The charges against McIver are a form of political intimidation directed with particular force against Black politicians—but it will work only if the people don’t have her back.

Representative LaMonica McIver demands the release of Newark Mayor Ras Baraka after his arrest while protesting outside an ICE detention prison, Friday, May 9, 2025. She was herself later charged by the Trump Department of Justice.
(Angelina Katsanis / AP Photo)
It’s become clear that the most dangerous thing for a public official to do during the Trump administration—other than fly out of Newark—is to try to get ICE to follow the law or the Constitution. If you resist ICE, or in any way try to prevent Trump’s paramilitary forces from illegally abducting people and renditioning them to concentration camps, you could be brutalized, investigated, or arrested.
Undocumented immigrants have long known that ICE has the power to violate their rights and kidnap them without due process. More recently, both citizens and documented immigrants have come to understand this as well. But under Donald Trump, the agency’s power to ignore the rule of law extends even over elected representatives of the government. The mayor of Nashville, Freddie O’Connell, has gotten in trouble for trying to stop the illegal arrests without due process of nearly 200 immigrants. Wisconsin state court judge Hannah Dugan was arrested for refusing to allow ICE to arrest a person sitting in her courtroom, which ICE is not allowed to do.
Last week, we saw the most dangerous display of ICE’s unconstitutional powers when they arrested Newark Mayor Ras Baraka. Baraka, along with Congress members LaMonica McIver, Bonnie Watson Coleman, and Robert Menendez Jr., went to tour the newly reopened Delaney Hall detention center in New Jersey; they were attempting to conduct oversight of the conditions there, as they are legally allowed to do as elected officials. Masked ICE officials, however, blocked their visit. When the elected officials did not back down, ICE moved to arrest Mayor Baraka. The congresspeople made a circle around him, but that didn’t stop ICE, which responded as it customarily does: with violence. They pushed through the human circle and arrested the mayor.

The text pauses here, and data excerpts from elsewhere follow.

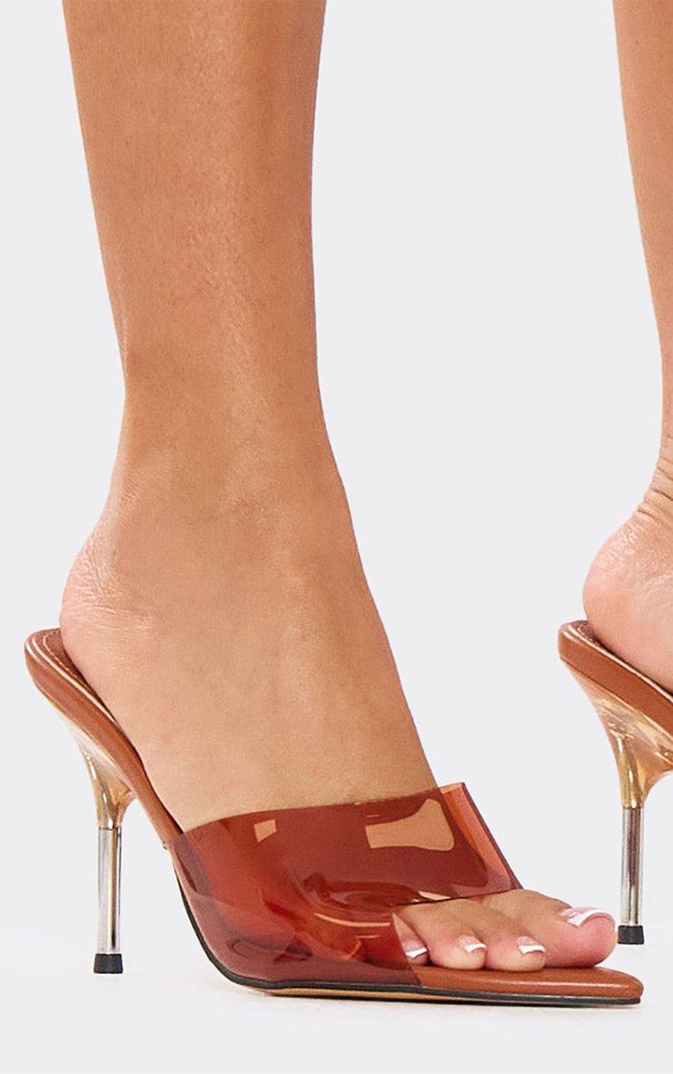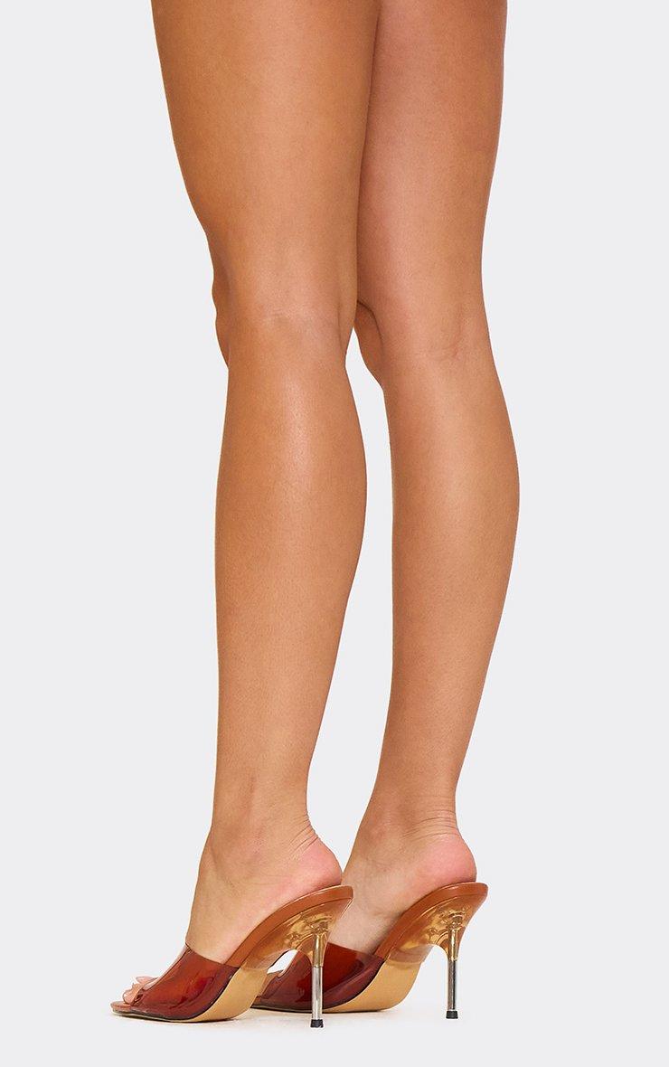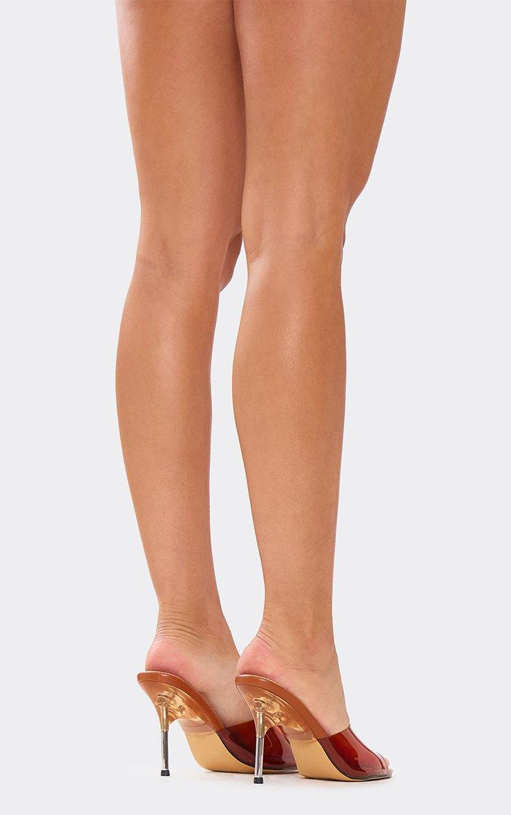 Wicked-Temptation Pointed Peep Toe Stiletto Heel Mule In Brown Perspex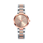 Reloj caja acero con corona en Ip rosa y brazalete bicolor acero Ip rosa con movimiento cuarzo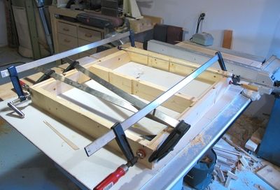 This photo shows the glue drying on the joints for the front-back connecting pieces to the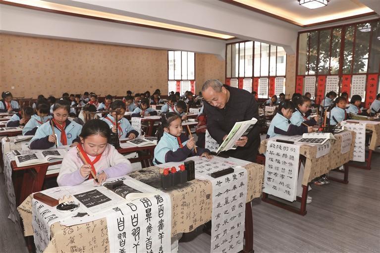 12月22日,吉首市第三小学学生在书法指导老师指导下练习书法。近年来,该校将书法教学纳入校本课程,配备专业书法教师,循序渐进培养学生的书写能力,激发学生对书法艺术的兴趣和热爱,为校园注入浓郁的传统文化气息。 李进辉 摄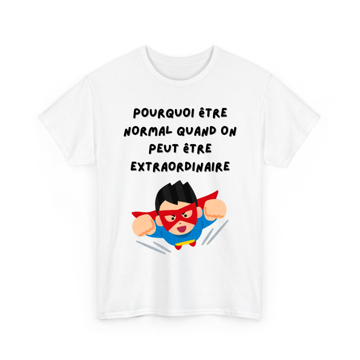Un t-shirt pour les âmes uniques, qui n’ont pas peur de se démarquer et de briller ! Parce que la normalité, c’est bien, mais l’extraordinaire, c’est encore mieux. Rappelle à tout le monde qu’être soi-même, c’est la clé pour être remarquable ! ✨
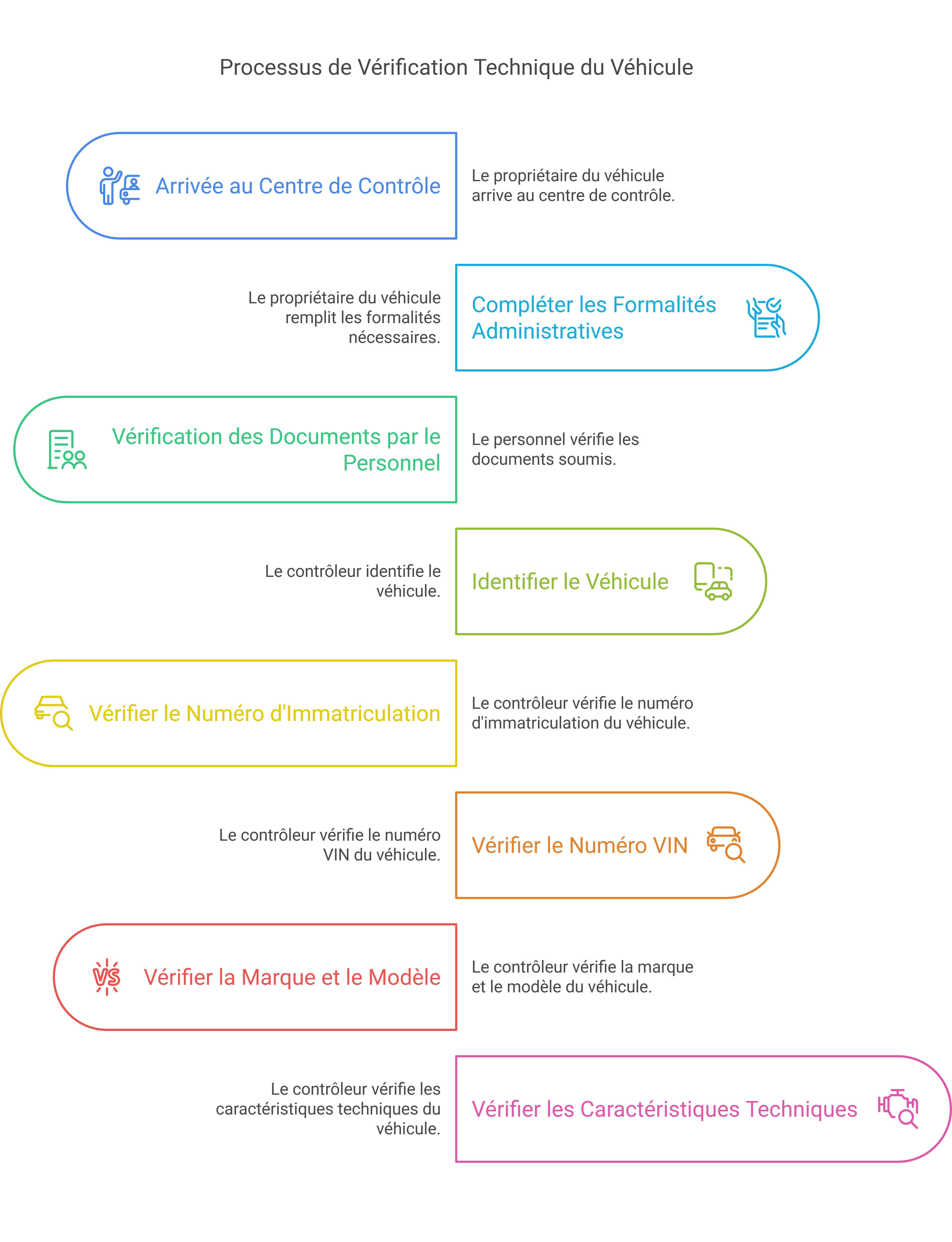 Un contrôle technique dure généralement entre 30 et 45 minutes. N'oubliez pas d'apporter le certificat d'immatriculation original (ex-carte grise) lors de votre rendez-vous.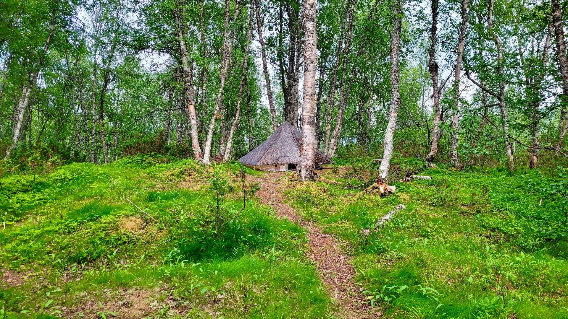 Endlich komme ich am Abzweig zur Sjnultje-Hütte vorbei. Der Weg hatte sich ganz schön gezogen und mein Energie-Level geht merklich gegen null, aber die letzten drei Kilometer aus dem Schutzgebiet raus will ich noch schaffen.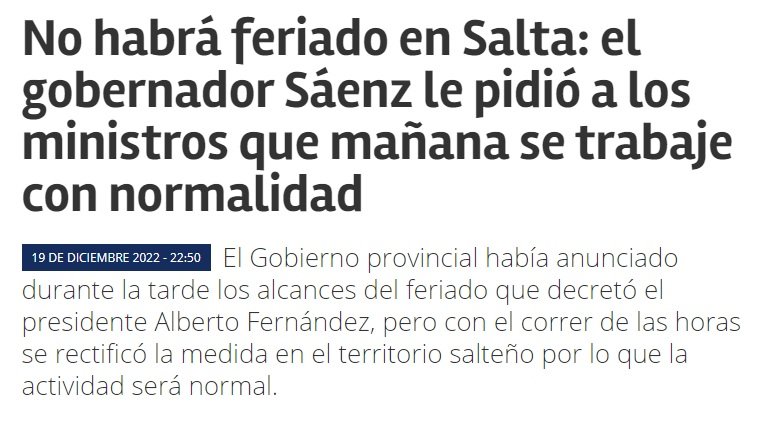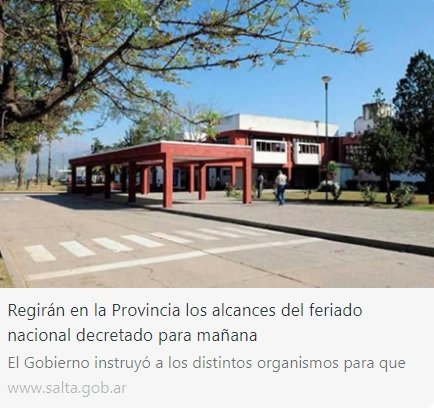 En horas de la tarde de hoy en sitio web del Gobierno de la Provincia anunciaba que "Regirán en la Provincia los alcances del feriado nacional decretado para mañana", tal como lo muestra el anuncio.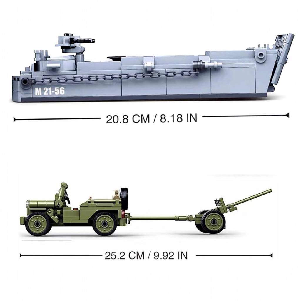 Authentic WWII Vehicles – Includes landing craft (8.18 in) and jeep (9.92 in) with towable gear.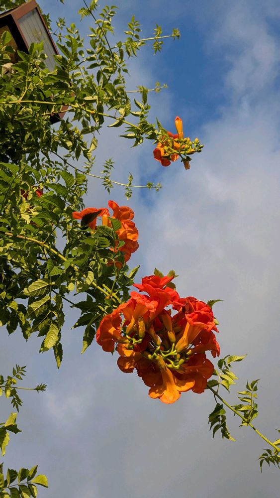 ノウゼンカズラとアメリカノウゼンカズラの交雑種も売ってるそうですよ。それは見た事無いので、複雑〜🥺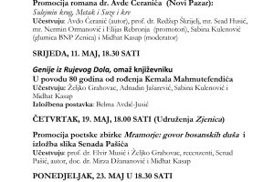 Prvi bibliotečki program na rasporedu je danas (ponedjeljak, 9. maj, 18.30 sati): predstavljanje romana “Sulejmin krug”, “Metak” i...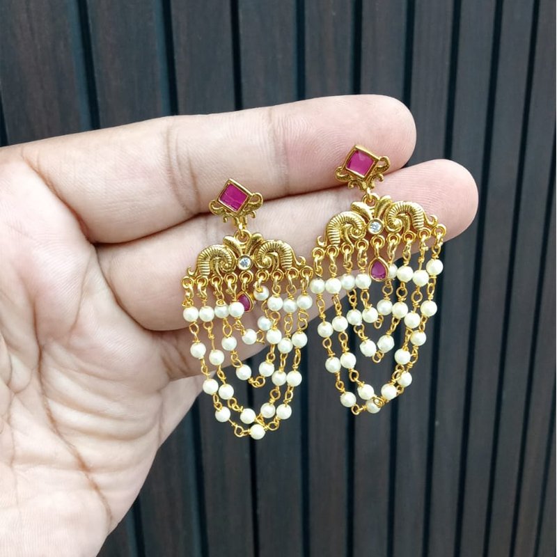 RUBY EMBELD STONE WITH 3 LAYERS OF PEARL CHAIN DESIGN EARING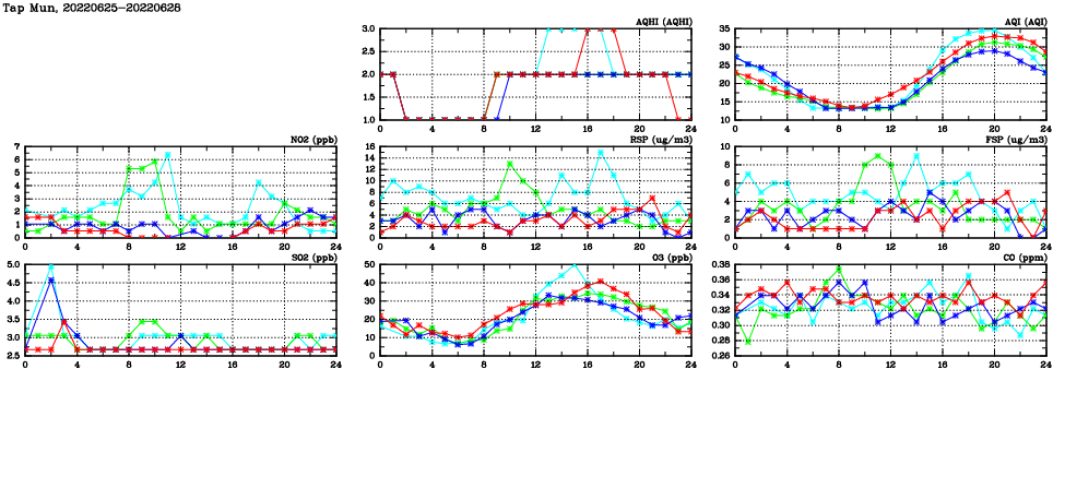 | Air Quality Data Time Series in Tap Mun (2022/06/28) | ( Line colors: Day -3 Day -2 Day -1 Current day ) | 2D Map Current AQHI |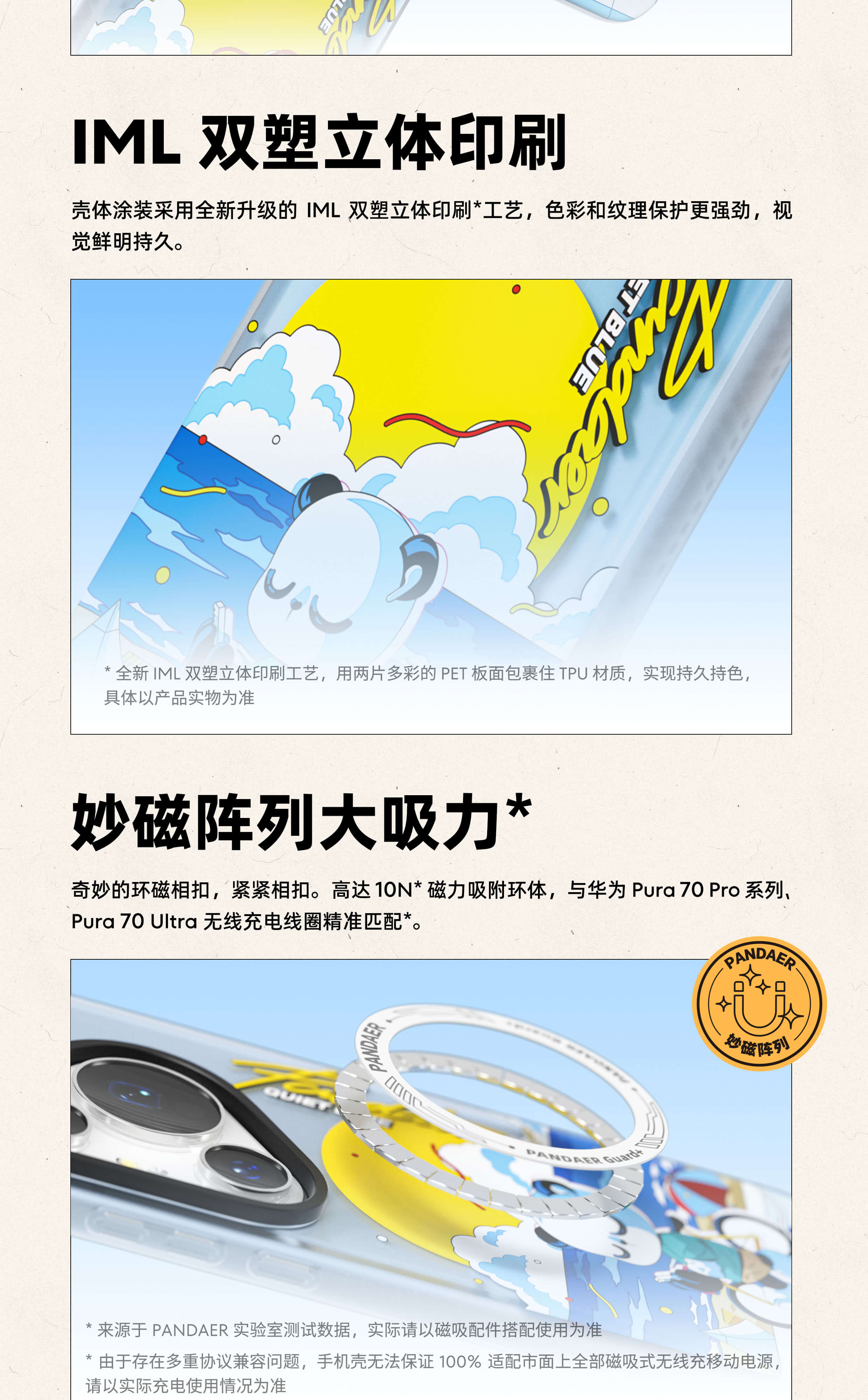 华为 Pura 70 系列适配 | IML 双塑立体印刷 | 妙磁阵列大吸力 | 全包结构 | PΛNDΛER Guard+ 抗菌工艺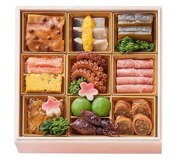 和と洋、それぞれの魅力をたっぷり詰め込んだ、バランスの良い三段重です。定番の縁起物に加え、お酒にも合う趣のある和の味わいと、洋食の華やかさをともに楽しめる、贅沢な構成と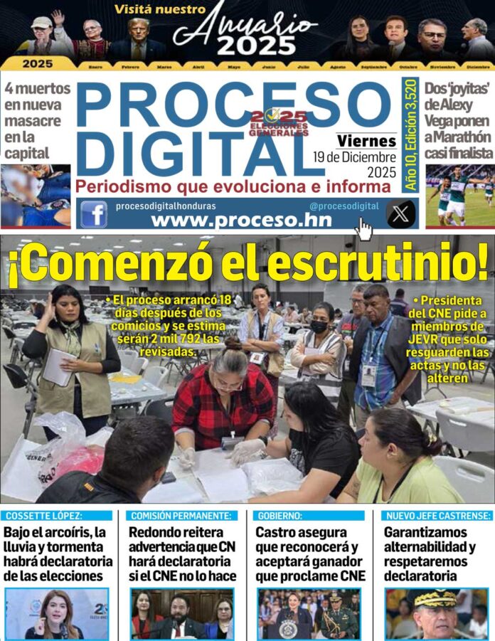 Portada DigitalPortada Viernes 19.12.2025.Por: Proceso Digital18 de diciembre de 2025FacebookTwitterWhatsAppEmailImpresión Noticias recientes PolíticaLuis Redondo reitera advertencia que CP hará declaratoria de elecciones, sí el CNE no lo hace PolíticaDiputados convocan a sesión extraordinaria del Congreso Nacional ante “impedimento ilegal” de la Junta Directiva Liga NacionalMarathón golea a Platense con dos ‘joyitas’ de Alexy Vega y acaricia la final del Apertura CalienteCuatro personas son asesinadas dentro de su vivienda en la Residencial Centroamérica Ciencia y TecnologíaToyota aspira a vender en Japón tres modelos de coches fabricados en EEUU a partir de 2026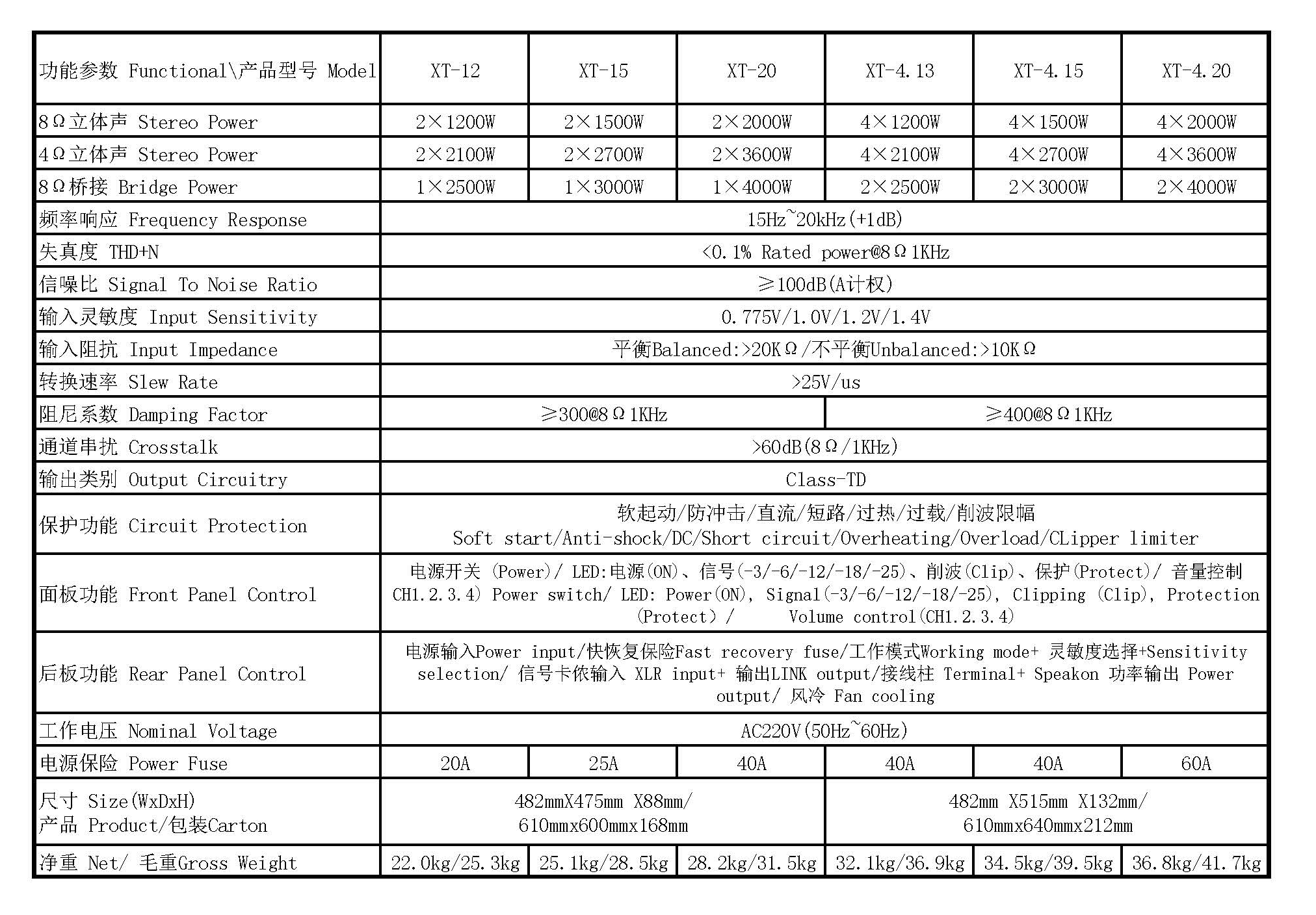1. XT-20: Power Amplifier: 2×2000W (8Ω), stable performance with multiple protections.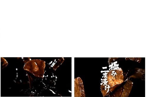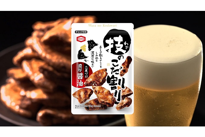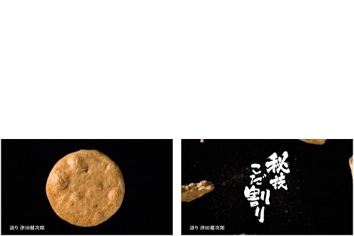 丸い堅焼きせんべいをあえて割り、特製醤油だれをしみ込ませることで濃厚な味わいに仕上げる「技」を使って作られている『技のこだ割り』。新CMでは、ナレーションを担当する声優の津田健次郎さんの“声”によって、丸い堅焼きせんべいが『技のこだ割り』に変貌していく様子を、高揚感の機微や、セリフの発し方で表現しています。津田健次郎さんの熱のこもった必殺技風のナレーションに注目です。

The charges against Mayor Baraka were eventually dropped. That’s a good thing, but it also highlights that his arrest was unwarranted in the first place. ICE had no reason to arrest him and eventually had to admit it. But is anybody going to hold a single ICE official accountable for their illegal arrest of a sitting mayor? We all know the answer to that question is “no”—and ICE does too, as its next move made viciously clear.
On Tuesday, Trump’s Justice Department went ahead and filed charges against one of the other victims of ICE’s violence, Representative McIver. Former Trump bobblehead turned interim US Attorney for New Jersey Alina Habba charged her on two counts of “assaulting” ICE officers—which she did not do.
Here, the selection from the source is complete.